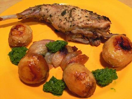 Кролик запеченый с картошкой и шалот ![]() Рецепт я собрала из трех разных: Кролика я мариновала по этому рецепту Карины с кукинга(слова автора): - 1 кролик ( вес минимум 1, 3- 1. 5 кг) - 100- 150 г копченного шпика Маринад - 1 головка мелко порубленного чеснока - 1 ст л розмарина - 1 ст л рубленного шалфея - 1 ст л тимяьна, оригано - 5- 6 штук лаврового листа - цедра полловины лимона - соль, черный перец - 5- 6 ягод можжевельника - 150 мл белого вина - Разрезать кролика по длине по животу ( не разрезая хребет) как " книжку - Порезать шпик мелкими кубиками и нашпиговать ним кролика - Смешать все " сухие " ингридиенты для маринад и натереть мясо - Выложить кролика в посуду или пакет и залить вином - Оставить мариноваться минимум на 12 часов ( лучше дольше), переодически переворачивая - Очистить кролика от специй, обсушить бумажным полотенцем, смазать растительным маслом - Запечь на углях до готовности Правда запекала я не на углях, а положина ла протвень, сверху разложила смазанные маслом молодой картофель и шалот(разрезала пополам, как оказалось потом – шалот можно было ложить целиком), прикрыла сверху фольгой и запекала в духовке при 200градусах около двух часов, несколько раз поливала мясо оставшимся маринадом. И сделала к сему пряную зелень от elka34 |
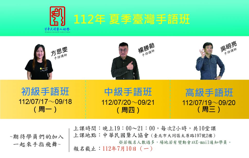 上課地點:中華民國聾人協會(臺北市大同區太原路197號2樓)
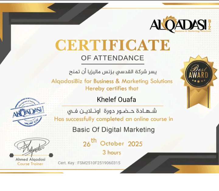 ساركت في عدة دورات للتسويق الرقمي و اعمل في ادارة صفحات سوشل ميديا و تصميم غرافيكي باستعمال كانفا
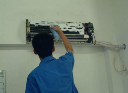 | 洛阳市空调维修师傅给洛阳市用户上门维修清洗空调。 |
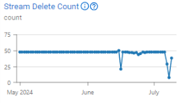 Exemplo: Ao começar a coletar dados para seu armazenamento de eventos, você definirá uma data de retenção para os dados. Toda vez que os dados atingirem essa data, seu fluxo de eventos será excluído, ou você também pode excluí-lo manualmente. Neste gráfico, você pode ver que, em algum momento, quase todos os fluxos de eventos foram excluídos.
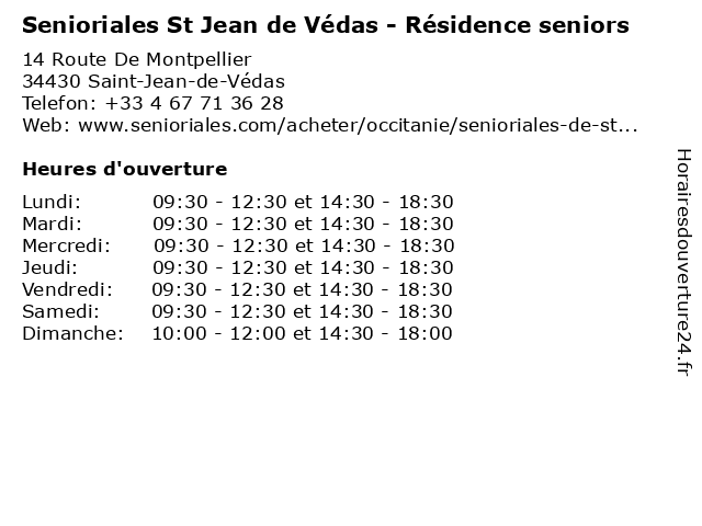 1 Senioriales de Juvignac - Résidence seniors (Distance: 4,87 km) 107 Rue Jupiter, 34990 Juvignac de, juvignac, résidence, senioriales, seniors 2 Résidence Le Terral*** - Vacancéole (Distance: 1,53 km) 920 Route De Sète, 34430 Saint-Jean-De-Védas le, résidence, terral***, vacancéole 3 Résidence seniors - Le Pré Fleuri (Distance: 2,17 km) 34 avenue des dragées, 34070 Montpellier fleuri, le, pré, résidence, securite, seniors, vie sociale 4 Résidence La Cyprière (Distance: 4,35 km) 14 Chemin de la Plaine, 34990 Juvignac cyprière, la, résidence 5 Résidence étudiante Resid’Oc II - UXCO (Distance: 4,42 km) 57 rue Favre de St-Castor, 34080 Montpellier ii, logements, resid’oc, résidence, uxco, écoles, élèves, étudiante 6 Résidence étudiante Studéa Montpellier Pilory (Distance: 4,50 km) 765 Rue du Pilory, 34080 Montpellier montpellier, pilory, résidence, studéa, étudiante |
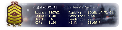 | Kills | 1048 | Deaths | 846 | Kill / Death | 1.24 |
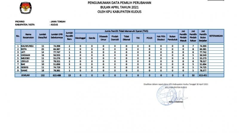 DATA PEMILIH PERUBAHAN BULAN APRIL 2021 Sabtu, 01 Januari 2022 20:22 360 DOWNLOAD DOWNLOAD LAMPIRAN Bagikan: Dilihat 360 Kali.
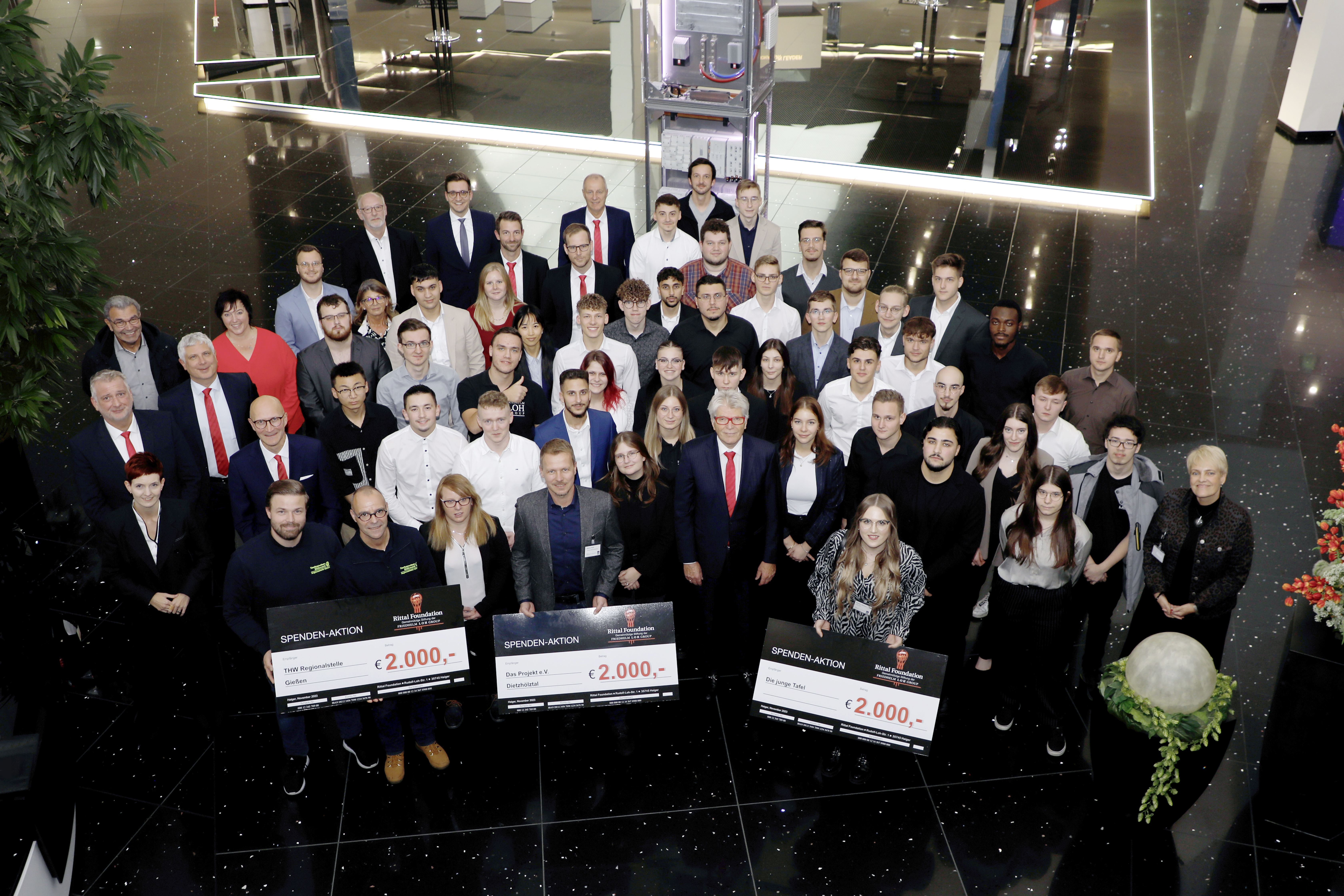 Im Sommer 2023 hatten sich die Auszubildenden über mehrere Tage im ehemaligen Kloster Gnadenthal getroffen, um in die Projektarbeit zu starten. Inspiriert wurden sie von externen Impulsgebern und Ehrenamtsträgern wie etwa Madita Mense von der Tafel Jugend, Ralph Jossa vom Technischen Hilfswerk oder Michael Roth von „Das Projekt – Soziale Arbeit Eschenburg-Dietzhölztal e. V.“. Die Ehrenamtler standen den Azubis nicht nur während der Projekttage mit ihren Erfahrungen unterstützend zur Seite, sondern waren auch bei der Präsentationsveranstaltung in der Rittal Zentrale in Herborn dabei. Dort überreichte ihnen die Rittal Foundation, die gemeinnützige Stiftung der Friedhelm Loh Group, jeweils eine Spende über 2.000 Euro.
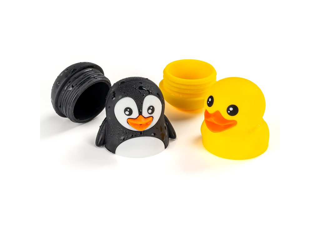 Ideálne na špliechanie sa vo vode, 2 spôsoby striekania vody: zo zobáka alebo z tela . Časti je možné rozobrať pre jednoduché čistenie a hygienické sušenie. Materiál: silikón, obsah: 2 kusy (1x kačička, 1x tučniak).
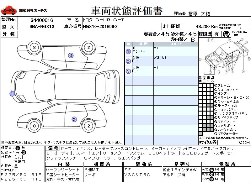 | メーカー・車種 | トヨタ C-HR G-T (型式:3BA-NGX10) | ||||||||||||||||||||||||||||||||||||||||
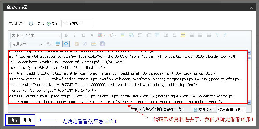 第四:编辑好后,我们点一下预览效果看看是不是我们要的效果,这里预览的效果,和我们发布的效果是一样,测试后再复制到自己的网店模块中就行了!
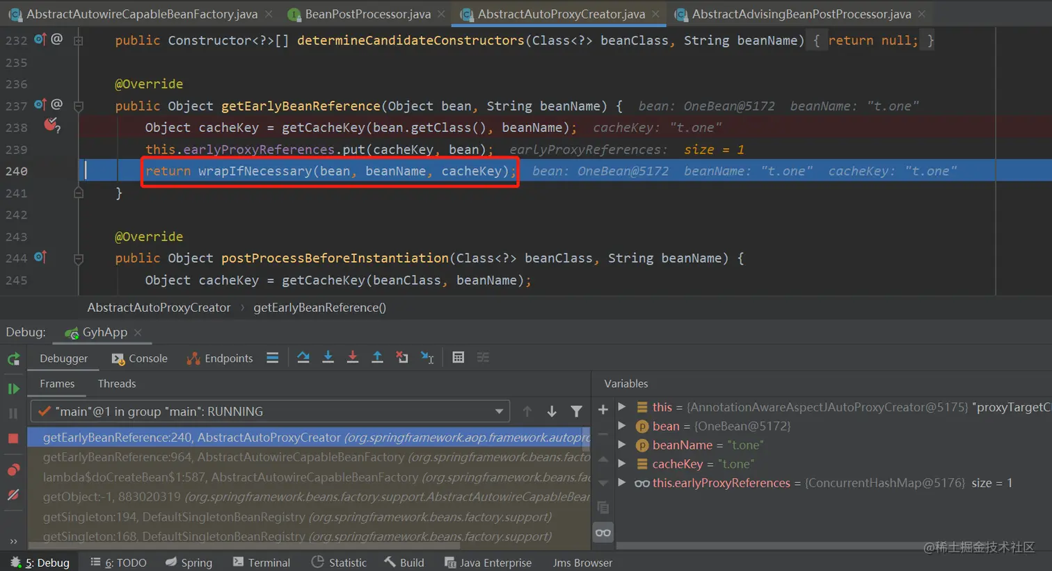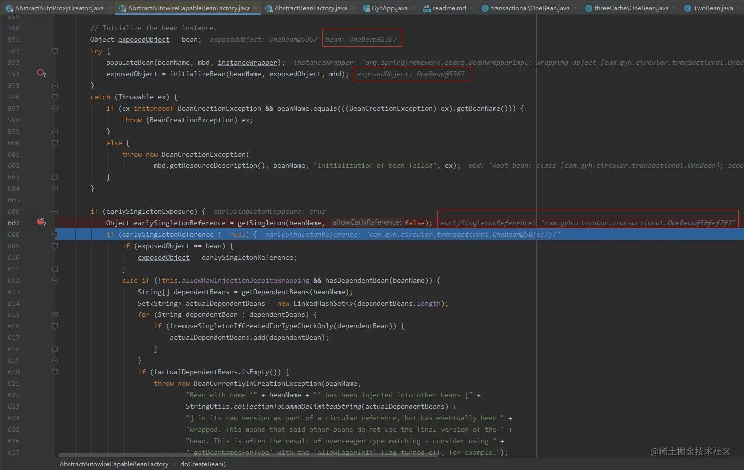 debug 代码可知,生成 OneBean 过程中,虽然 earlySingletonReference != null,但 initializeBean 之后的 exposedObject 和 原始实例的地址相同(即 initializeBean 步骤中,并未对实例生成代理),所以不会产生报错。
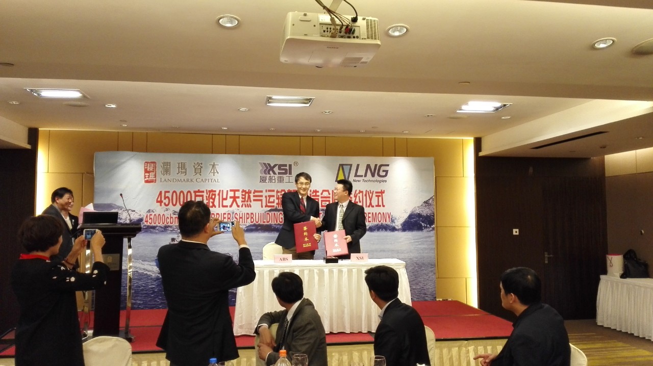 Bill Shi ABS Vice President of Engineering for the ABS Greater China Division, signed a contract with Xiamen Shipbuilding Industry Co., Ltd for a 45,000 m3 LNG carrier on 22 January 2015.
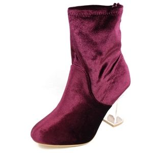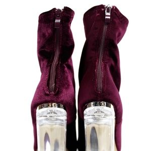 Velvet Block Clear Lucite Perspex Dress Heel Ankle Boot Bootie
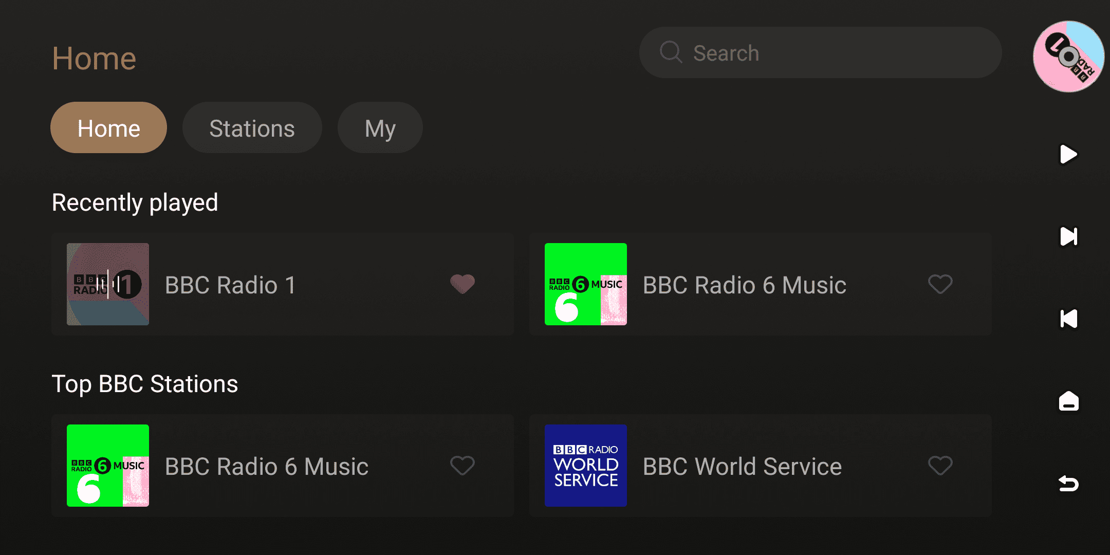 Browse BBC Radio content on your device or the Eversolo Control app. The main interface offers sections for Home, Stations, and My.
# # # #
**ABOUT THIS EXERCISE:** Make a verbatim copy of all the entries and strip out the pictures.

**FINISHED EXERCISE:**
 Кролик запеченый с картошкой и шалот ![]() Рецепт я собрала из трех разных: Кролика я мариновала по этому рецепту Карины с кукинга(слова автора): - 1 кролик ( вес минимум 1, 3- 1. 5 кг) - 100- 150 г копченного шпика Маринад - 1 головка мелко порубленного чеснока - 1 ст л розмарина - 1 ст л рубленного шалфея - 1 ст л тимяьна, оригано - 5- 6 штук лаврового листа - цедра полловины лимона - соль, черный перец - 5- 6 ягод можжевельника - 150 мл белого вина - Разрезать кролика по длине по животу ( не разрезая хребет) как " книжку - Порезать шпик мелкими кубиками и нашпиговать ним кролика - Смешать все " сухие " ингридиенты для маринад и натереть мясо - Выложить кролика в посуду или пакет и залить вином - Оставить мариноваться минимум на 12 часов ( лучше дольше), переодически переворачивая - Очистить кролика от специй, обсушить бумажным полотенцем, смазать растительным маслом - Запечь на углях до готовности Правда запекала я не на углях, а положина ла протвень, сверху разложила смазанные маслом молодой картофель и шалот(разрезала пополам, как оказалось потом – шалот можно было ложить целиком), прикрыла сверху фольгой и запекала в духовке при 200градусах около двух часов, несколько раз поливала мясо оставшимся маринадом. И сделала к сему пряную зелень от elka34 |
 上課地點:中華民國聾人協會(臺北市大同區太原路197號2樓)
 ساركت في عدة دورات للتسويق الرقمي و اعمل في ادارة صفحات سوشل ميديا و تصميم غرافيكي باستعمال كانفا
 | 洛阳市空调维修师傅给洛阳市用户上门维修清洗空调。 |
 Exemplo: Ao começar a coletar dados para seu armazenamento de eventos, você definirá uma data de retenção para os dados. Toda vez que os dados atingirem essa data, seu fluxo de eventos será excluído, ou você também pode excluí-lo manualmente. Neste gráfico, você pode ver que, em algum momento, quase todos os fluxos de eventos foram excluídos.
 1 Senioriales de Juvignac - Résidence seniors (Distance: 4,87 km) 107 Rue Jupiter, 34990 Juvignac de, juvignac, résidence, senioriales, seniors 2 Résidence Le Terral*** - Vacancéole (Distance: 1,53 km) 920 Route De Sète, 34430 Saint-Jean-De-Védas le, résidence, terral***, vacancéole 3 Résidence seniors - Le Pré Fleuri (Distance: 2,17 km) 34 avenue des dragées, 34070 Montpellier fleuri, le, pré, résidence, securite, seniors, vie sociale 4 Résidence La Cyprière (Distance: 4,35 km) 14 Chemin de la Plaine, 34990 Juvignac cyprière, la, résidence 5 Résidence étudiante Resid’Oc II - UXCO (Distance: 4,42 km) 57 rue Favre de St-Castor, 34080 Montpellier ii, logements, resid’oc, résidence, uxco, écoles, élèves, étudiante 6 Résidence étudiante Studéa Montpellier Pilory (Distance: 4,50 km) 765 Rue du Pilory, 34080 Montpellier montpellier, pilory, résidence, studéa, étudiante |
 | Kills | 1048 | Deaths | 846 | Kill / Death | 1.24 |
 DATA PEMILIH PERUBAHAN BULAN APRIL 2021 Sabtu, 01 Januari 2022 20:22 360 DOWNLOAD DOWNLOAD LAMPIRAN Bagikan: Dilihat 360 Kali.
 Im Sommer 2023 hatten sich die Auszubildenden über mehrere Tage im ehemaligen Kloster Gnadenthal getroffen, um in die Projektarbeit zu starten. Inspiriert wurden sie von externen Impulsgebern und Ehrenamtsträgern wie etwa Madita Mense von der Tafel Jugend, Ralph Jossa vom Technischen Hilfswerk oder Michael Roth von „Das Projekt – Soziale Arbeit Eschenburg-Dietzhölztal e. V.“. Die Ehrenamtler standen den Azubis nicht nur während der Projekttage mit ihren Erfahrungen unterstützend zur Seite, sondern waren auch bei der Präsentationsveranstaltung in der Rittal Zentrale in Herborn dabei. Dort überreichte ihnen die Rittal Foundation, die gemeinnützige Stiftung der Friedhelm Loh Group, jeweils eine Spende über 2.000 Euro.
 Ideálne na špliechanie sa vo vode, 2 spôsoby striekania vody: zo zobáka alebo z tela . Časti je možné rozobrať pre jednoduché čistenie a hygienické sušenie. Materiál: silikón, obsah: 2 kusy (1x kačička, 1x tučniak).
 | メーカー・車種 | トヨタ C-HR G-T (型式:3BA-NGX10) | ||||||||||||||||||||||||||||||||||||||||
 第四:编辑好后,我们点一下预览效果看看是不是我们要的效果,这里预览的效果,和我们发布的效果是一样,测试后再复制到自己的网店模块中就行了!
 debug 代码可知,生成 OneBean 过程中,虽然 earlySingletonReference != null,但 initializeBean 之后的 exposedObject 和 原始实例的地址相同(即 initializeBean 步骤中,并未对实例生成代理),所以不会产生报错。
 Bill Shi ABS Vice President of Engineering for the ABS Greater China Division, signed a contract with Xiamen Shipbuilding Industry Co., Ltd for a 45,000 m3 LNG carrier on 22 January 2015.
 Velvet Block Clear Lucite Perspex Dress Heel Ankle Boot Bootie
 Browse BBC Radio content on your device or the Eversolo Control app. The main interface offers sections for Home, Stations, and My.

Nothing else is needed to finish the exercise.